### RECORDS FOR THIS EXERCISE ###

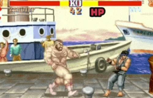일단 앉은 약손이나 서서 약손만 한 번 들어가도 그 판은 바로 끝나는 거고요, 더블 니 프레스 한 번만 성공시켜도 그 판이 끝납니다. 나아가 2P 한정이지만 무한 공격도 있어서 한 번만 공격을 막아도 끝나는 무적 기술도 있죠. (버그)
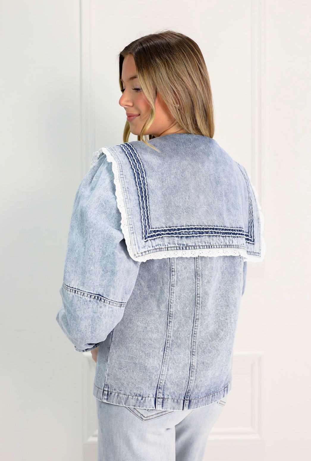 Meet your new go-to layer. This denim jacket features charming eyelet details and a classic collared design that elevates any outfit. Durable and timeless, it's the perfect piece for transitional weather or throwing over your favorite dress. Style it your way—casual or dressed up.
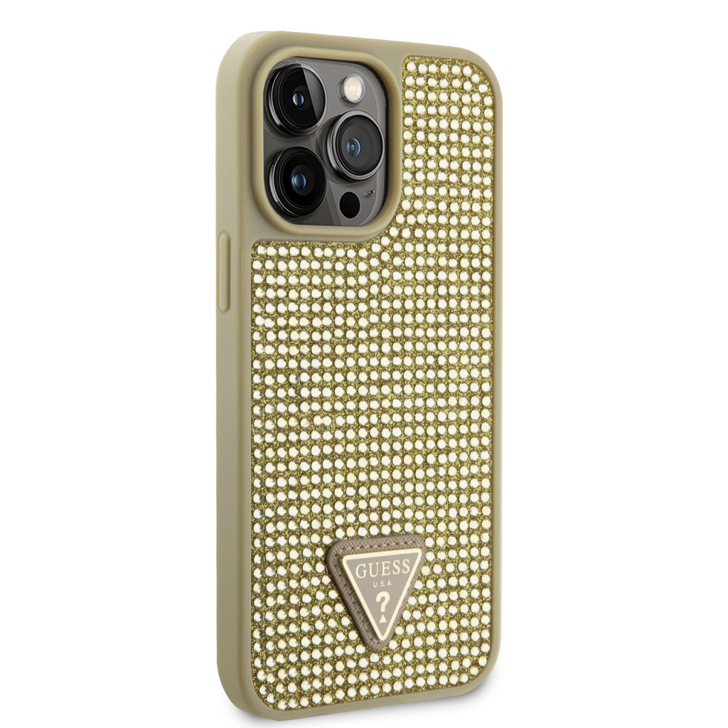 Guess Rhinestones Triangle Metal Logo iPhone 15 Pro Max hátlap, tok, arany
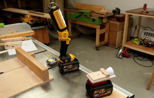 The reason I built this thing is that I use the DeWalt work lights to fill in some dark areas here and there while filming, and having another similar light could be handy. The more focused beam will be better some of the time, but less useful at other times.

###
### RECORDS FOR THIS EXERCISE ###

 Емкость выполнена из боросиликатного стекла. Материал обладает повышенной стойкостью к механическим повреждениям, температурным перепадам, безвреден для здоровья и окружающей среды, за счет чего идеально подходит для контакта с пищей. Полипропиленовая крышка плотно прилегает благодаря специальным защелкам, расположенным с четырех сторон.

###
### RECORDS FOR THIS EXERCISE ###

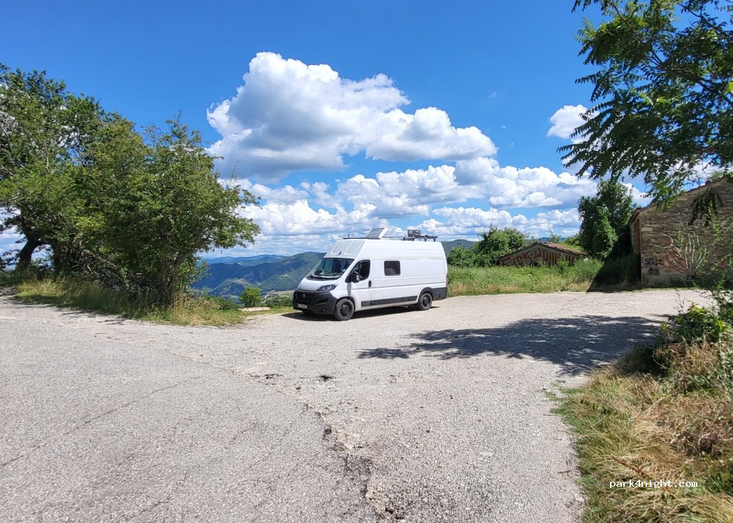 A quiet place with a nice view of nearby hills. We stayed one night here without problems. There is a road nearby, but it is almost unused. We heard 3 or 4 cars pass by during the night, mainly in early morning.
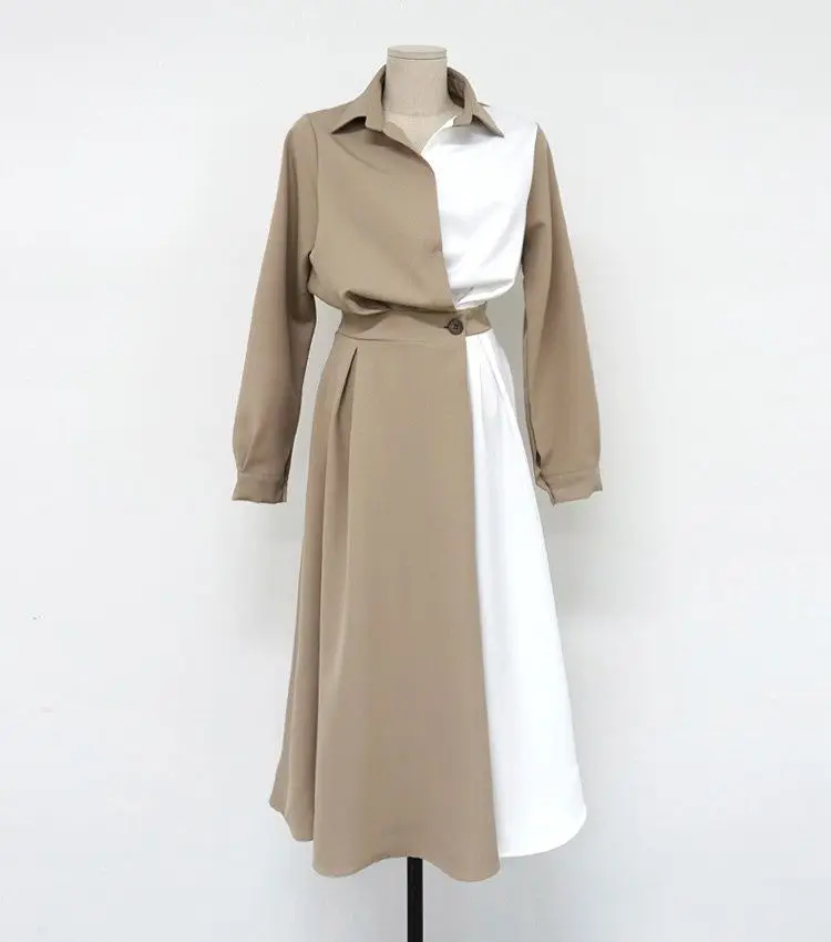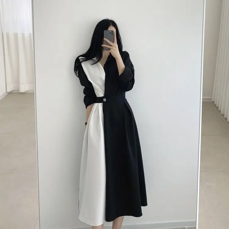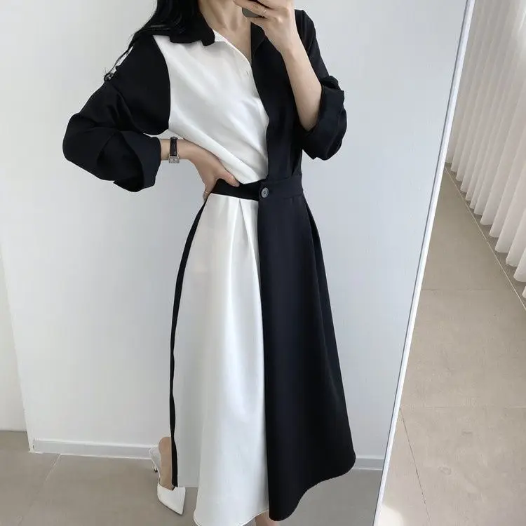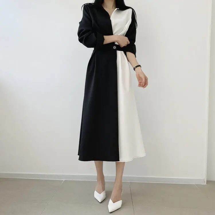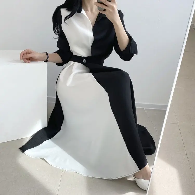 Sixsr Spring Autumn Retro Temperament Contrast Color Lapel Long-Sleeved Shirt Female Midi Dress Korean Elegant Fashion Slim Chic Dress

###

HOW TO COMPLETE THIS TASK:
From the entries above, copy exactly the lines starting at the one with "Guess Rhinestones Triangle" and stopping at the one with "The reason I", keeping both ends. Drop the pictures.

EXPECTED ANSWER:
 Guess Rhinestones Triangle Metal Logo iPhone 15 Pro Max hátlap, tok, arany
 The reason I built this thing is that I use the DeWalt work lights to fill in some dark areas here and there while filming, and having another similar light could be handy. The more focused beam will be better some of the time, but less useful at other times.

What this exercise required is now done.